Does that answer your question?

dhawalschumi · September 23, 2015, 9:45am

Hello,

Not quite sure. Because my cb-core threads are totally idle. And cb-io threads are live always. So does moving to AsyncCluster will help or not? And cb-core threads are used only by AsyncCluster.

Thanks,
Dhawal Patel

daschl · September 23, 2015, 11:16am

@dhawalschumi that is fine if they are idle, that means you are not putting much traffic over it. The cb-io threads are alive because the use NIO underneath which has a different model of “sleeping” on channels.

that is not quite true, the cb-core threads are used by the underling core-io module, which happens to talk to the AsyncCluster. Again, the CouchbaseCluster is just a synchronous wrapper around the async one.

What problem are you trying to solve?

dhawalschumi · September 23, 2015, 1:58pm

Thanks,

I am performing a load test over my application and i found that cb-core are running idle. So i went into the details of SDK. Even i found that the computations threadpool is idle(mainly because we dont actually do N1QL/queries over it).

So i want to basically utilise those threads. So what will be a better approach for this? Shall i start observing on computations pool when i am doing internal computations before and after fetching the data, and let the fetch work on io pool?

Thanks,
Dhawal Patel

daschl · September 23, 2015, 4:27pm

Looks like there is a different bottleneck somewhere in your system. Can you share your load test code?

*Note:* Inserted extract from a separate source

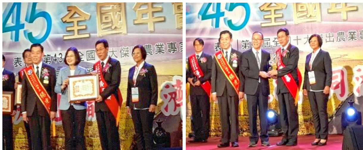
鄭金華研究員接受蔡總統及農委會陳副主委頒發獲選證書與獎章

dhawalschumi · September 28, 2015, 9:06am

Hi,

Below is the load test code.

LegacyDocument legacyDocument = couchManager.getDataBucket(requestType)
					.flatMap(new Func1<AsyncBucket, Observable<? extends LegacyDocument>>() {
						@Override
						public Observable<? extends LegacyDocument> call(AsyncBucket bucket) {
							return bucket.get(key, LegacyDocument.class);
						}
					}).timeout(couchbaseGetTimeOut, TimeUnit.MILLISECONDS)
					.onErrorReturn(new Func1<Throwable, LegacyDocument>() {
						@Override
						public LegacyDocument call(Throwable t1) {
							LoggerUtil.logErrorMessage(logger,
									"TimeOut Occured while SingleGet from Couchbase as LegacyDocument");
							return null;
						}

					}).map(new Func1<LegacyDocument, LegacyDocument>() {
						@Override
						public LegacyDocument call(LegacyDocument doc) {
							return doc;
						}
					}).toBlocking().single();

dhawalschumi · September 28, 2015, 9:13am

Above is the code that we are using to do gets from couchbase. The above code gets executed on cb-io threadpool. And my cb-core pool is unused/idle always. So what needs to be done for this, i want to utilize(add more traffic) on those threads as well.?

daschl · September 28, 2015, 9:27am

Okay so first, the code above (the callbacks) will be executed on the cb-computation pool. The cb-io threads will handle the actual IO load but will pass it over to the cb-compuations once done and this is where the callbacks are executed. Keep in mind that its not about utilizing specific threads as much as possible. cb-core are not doing much work and if they are close to idle its fine. Its just an indication that this codepath is not doing the bulk of the work.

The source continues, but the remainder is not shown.